-- Opening Marker --

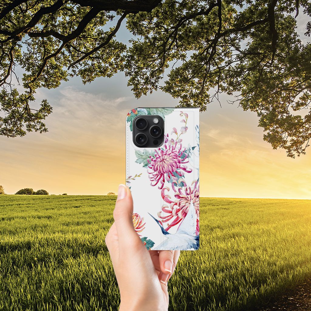 Verspreid over de hele wereld leven 19 soorten ooievaars. De spanwijdte – dat is de afstand van vleugeltip tot vleugeltip – van een volwassen ooievaar kan 2.50 meter bedragen. De gebieden waarin de ooievaar broedt, liggen in heel Europa, het Midden-Oosten, West- en Centraal-Azië en Noordwest-Afrika. Het ideale leefgebied van de ooievaar is een half open tot open landschap met veel afwisseling in grondgebruik en begroeiing. De begroeiing op dit design hoesje, in allerlei verschillende kleuren, zal niet alleen voor de ooievaars fraai zijn. Jij zult er zelf ook heel vrolijk van worden. Het in het oog springende design staat op een Hoesje maken. Deze case beschermt jouw iPhone 15 Pro Max aan alle kanten en beschikt over een 1 opbergvakje en een speciale standaard. Het hoesje wordt afgesloten met een magneet aan de binnenzijde. De houder aan de binnenzijde is van TPU. Alle zijden van de stand case worden bedrukt.
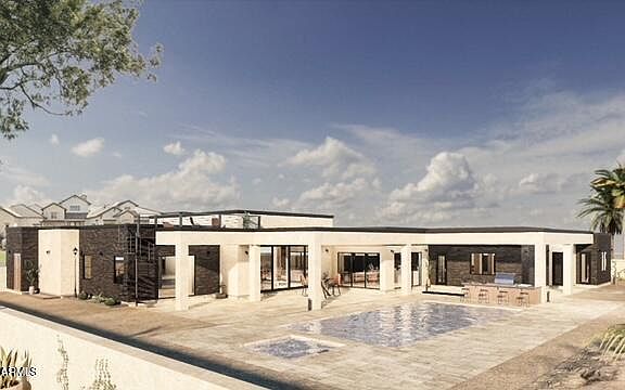 Gorgeous Brand-New Single Level Custom Home in Cactus Corridor. Estimated completion date end of March. Stunning 6153 sq. ft. modern home, 4 car garage, 5 large Bedrooms, 5.5 Bathrooms, plus an office that can be used as a 6th bedroom, attached casita that includes its own living quarters. All 5 bedrooms have their own bathrooms. Soaring ceilings, fantastic indoor outdoor open concept kitchen, family room, dining room with sliding glass doors from all rooms! Two kitchen islands, separate bar, two tall glass wine coolers, custom cabinets and tile throughout. Impressive Master Suite with incredible master bath! Large, covered patio with built-in BBQ and kitchen, resort pool, spa and outdoor firepit, plus an upper deck to capture the incredible AZ sunsets and mountain views! Make it yours
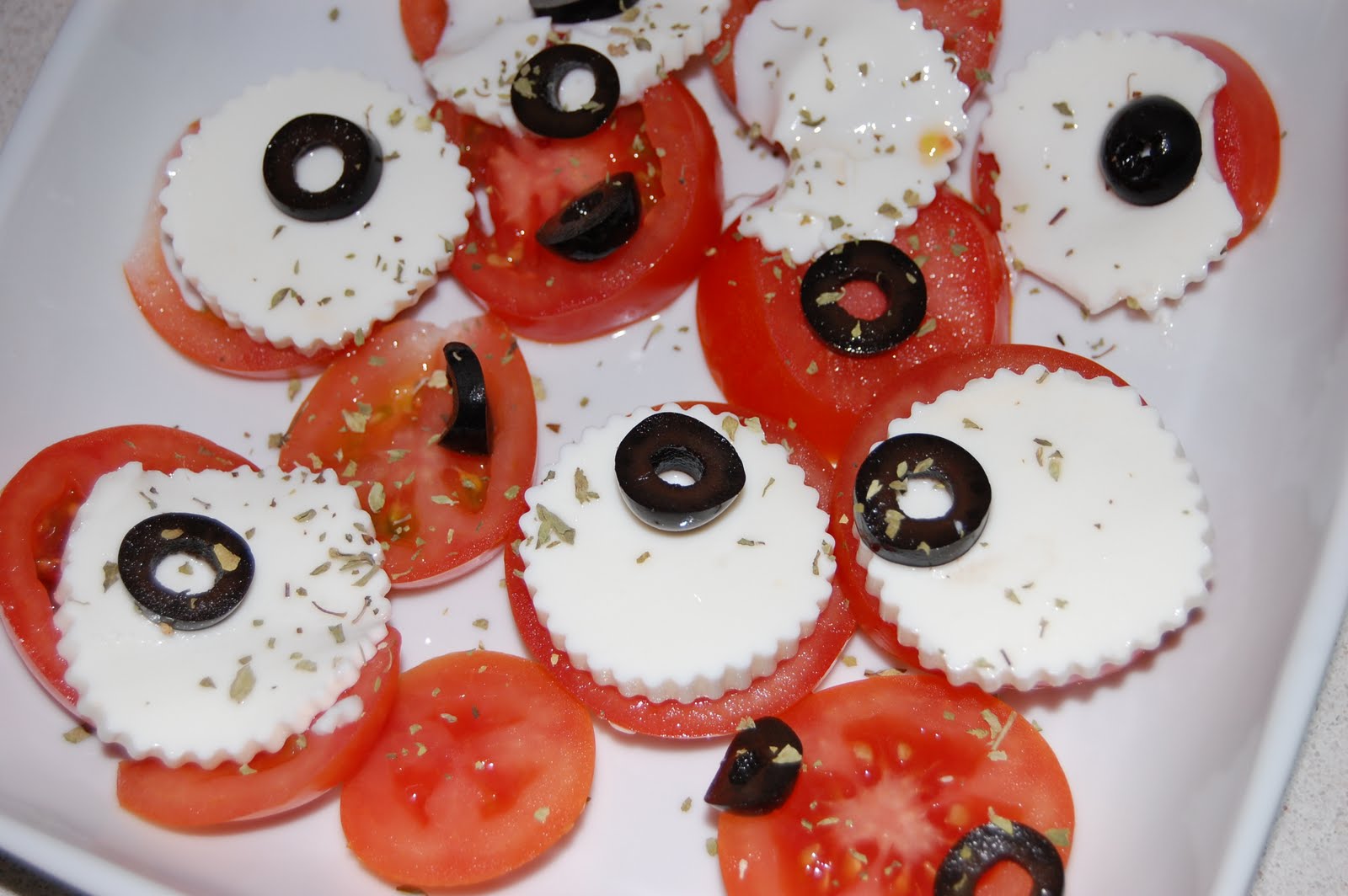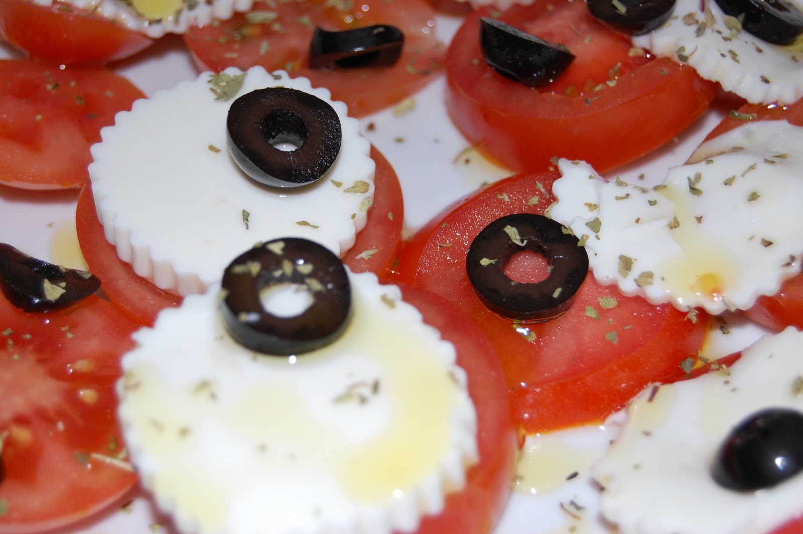 troceamos las aceitunas,salamos y lo regamos todo con un hilito de aceite de oliva virgen extra,espolvoreamos con oregano y lista.
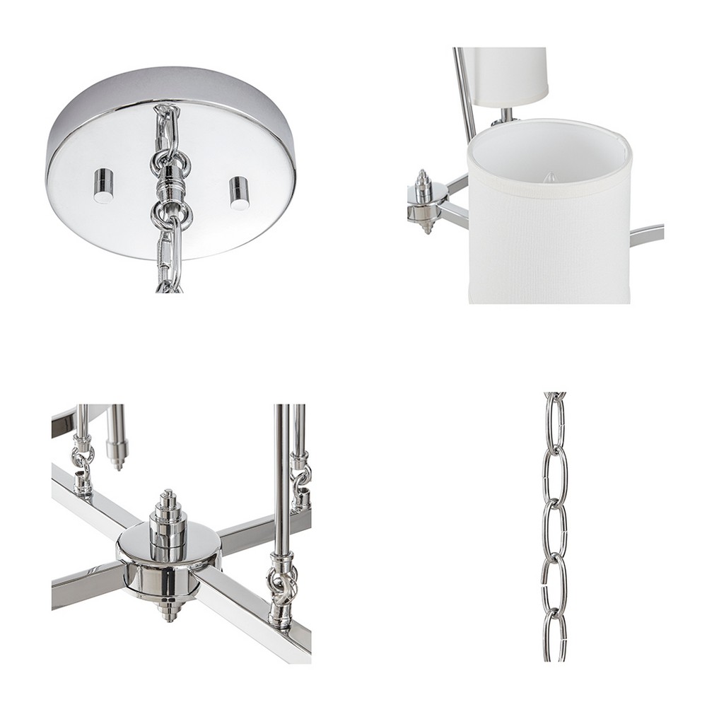| Hampton Hill See below Overall: 39.25"W x 21.75"D x 109.75"H Body: 39.25"W x 21.75"D x 36.75"H Shade: Dia.6" x 6"H Chain Length: 72"L Socket: Dia.0.75" x 4"H Canopy: Dia.5" x 1"H Iron 80% Polyester 20% Transitional Modern Style Includes 1 Piece(s) • To protect finish, do not apply abrasives or household cleaners, dust with soft dry cloth. • Do not exceed specified wattage. Introducing the Elegenza 6 Light Chandelier, a captivating fixture from the Hampton Hill Bedford Collection. This chandelier boasts an elegant transitional style with a modern touch, featuring a gracefully curved metal frame that adds sophistication to any room. It comes with 6 white cylindrical shades that provide a soft, diffused lighting effect to enhance the ambiance (bulbs not included). The adjustable chain allows for customized hanging heights, perfect for dining rooms, foyers, or living areas. All necessary mounting hardware is included for easy installation. Elevate your space with this stunning chandelier. |

-- Closing Marker --

- Exercise: Give back an exact repeat of the lines from the top of the data through the line that holds "Gorgeous Brand-New Single", both included, and omit pictures.

- Exercise result:
 Verspreid over de hele wereld leven 19 soorten ooievaars. De spanwijdte – dat is de afstand van vleugeltip tot vleugeltip – van een volwassen ooievaar kan 2.50 meter bedragen. De gebieden waarin de ooievaar broedt, liggen in heel Europa, het Midden-Oosten, West- en Centraal-Azië en Noordwest-Afrika. Het ideale leefgebied van de ooievaar is een half open tot open landschap met veel afwisseling in grondgebruik en begroeiing. De begroeiing op dit design hoesje, in allerlei verschillende kleuren, zal niet alleen voor de ooievaars fraai zijn. Jij zult er zelf ook heel vrolijk van worden. Het in het oog springende design staat op een Hoesje maken. Deze case beschermt jouw iPhone 15 Pro Max aan alle kanten en beschikt over een 1 opbergvakje en een speciale standaard. Het hoesje wordt afgesloten met een magneet aan de binnenzijde. De houder aan de binnenzijde is van TPU. Alle zijden van de stand case worden bedrukt.
 Gorgeous Brand-New Single Level Custom Home in Cactus Corridor. Estimated completion date end of March. Stunning 6153 sq. ft. modern home, 4 car garage, 5 large Bedrooms, 5.5 Bathrooms, plus an office that can be used as a 6th bedroom, attached casita that includes its own living quarters. All 5 bedrooms have their own bathrooms. Soaring ceilings, fantastic indoor outdoor open concept kitchen, family room, dining room with sliding glass doors from all rooms! Two kitchen islands, separate bar, two tall glass wine coolers, custom cabinets and tile throughout. Impressive Master Suite with incredible master bath! Large, covered patio with built-in BBQ and kitchen, resort pool, spa and outdoor firepit, plus an upper deck to capture the incredible AZ sunsets and mountain views! Make it yours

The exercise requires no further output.